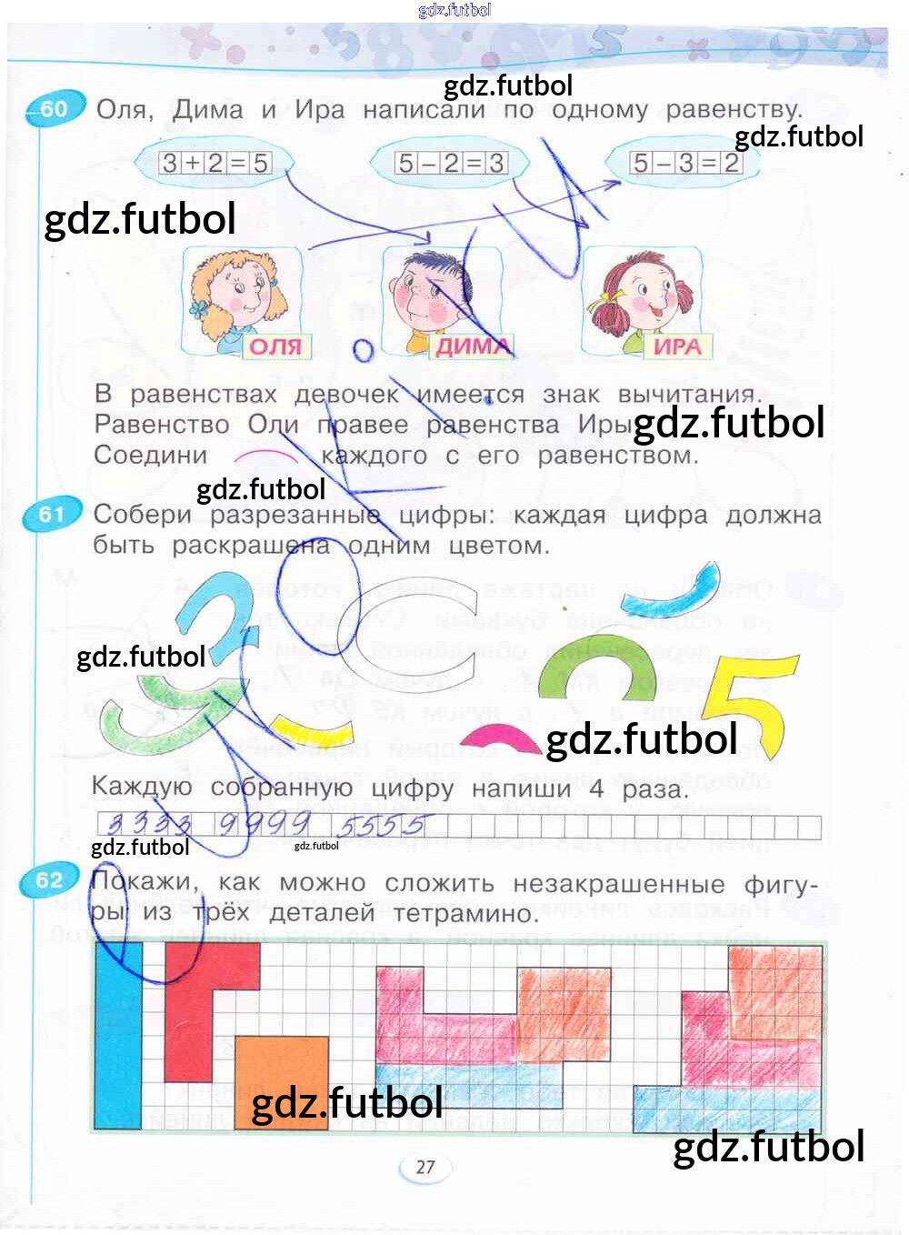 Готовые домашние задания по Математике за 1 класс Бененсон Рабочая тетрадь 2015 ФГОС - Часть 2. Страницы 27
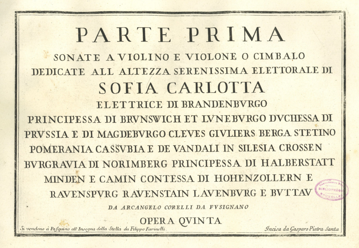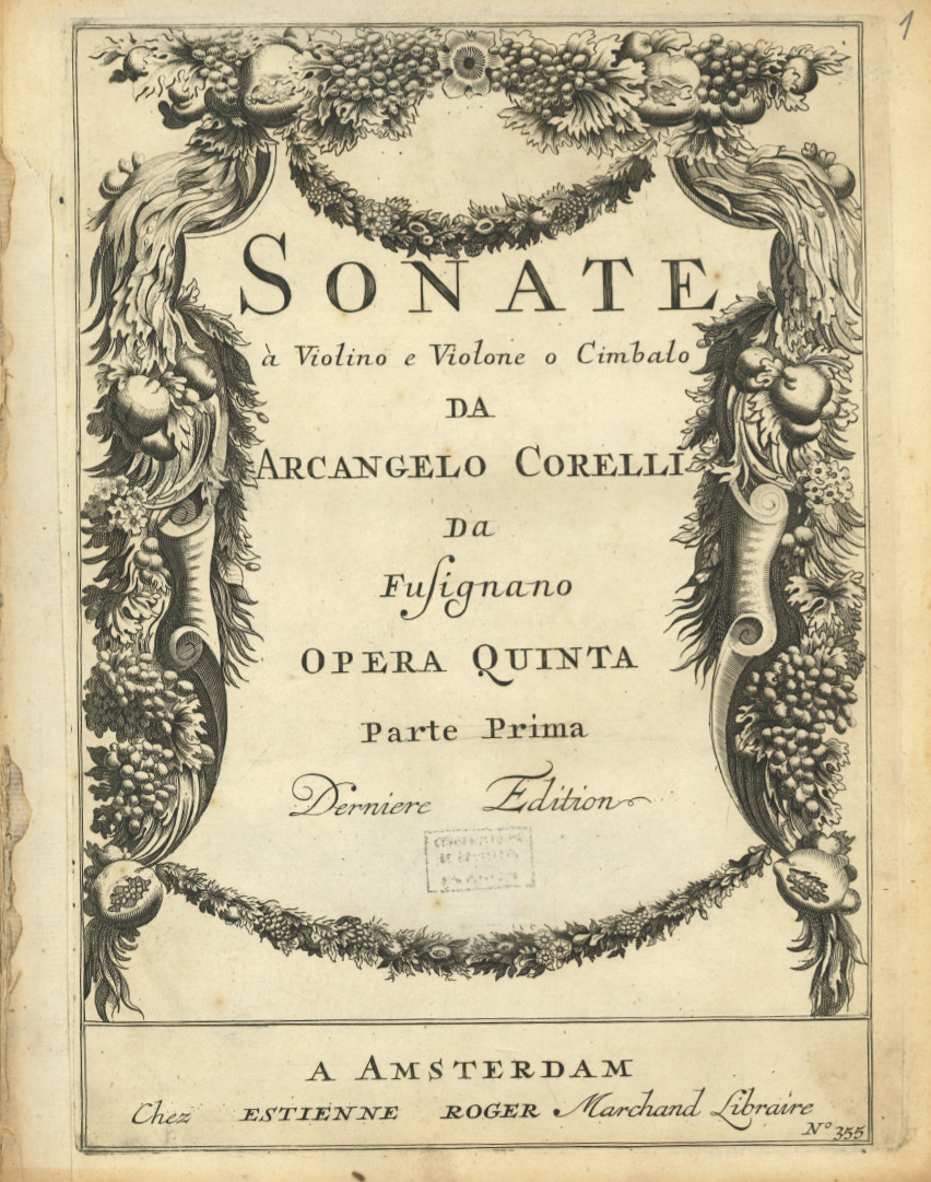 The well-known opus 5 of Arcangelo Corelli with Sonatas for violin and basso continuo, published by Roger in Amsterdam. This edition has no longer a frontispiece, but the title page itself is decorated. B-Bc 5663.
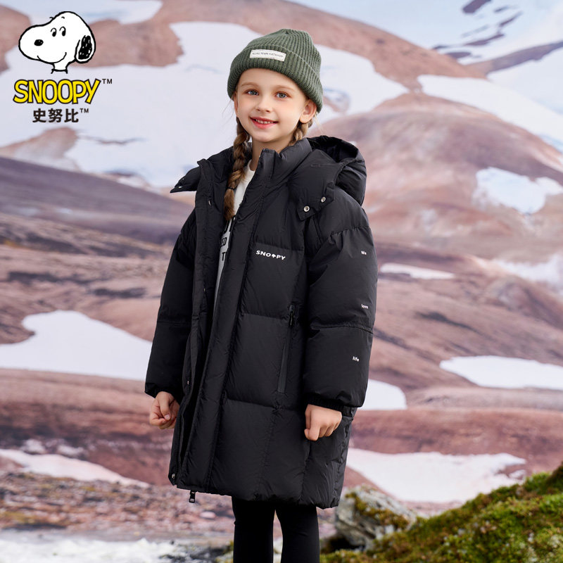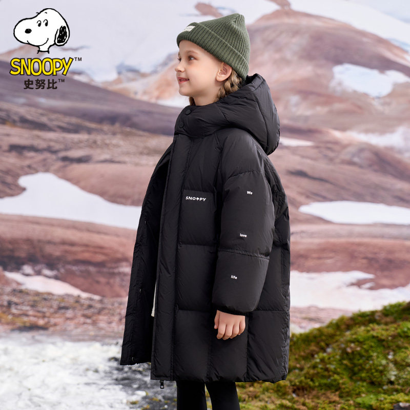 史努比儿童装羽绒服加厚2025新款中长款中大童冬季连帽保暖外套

•••

-- What is required --
Beginning at the line that contains "The well-known opus" and ending at the last line of the data, return each line exactly; no picture belongs in the copy.

-- Response area --
 The well-known opus 5 of Arcangelo Corelli with Sonatas for violin and basso continuo, published by Roger in Amsterdam. This edition has no longer a frontispiece, but the title page itself is decorated. B-Bc 5663.
 史努比儿童装羽绒服加厚2025新款中长款中大童冬季连帽保暖外套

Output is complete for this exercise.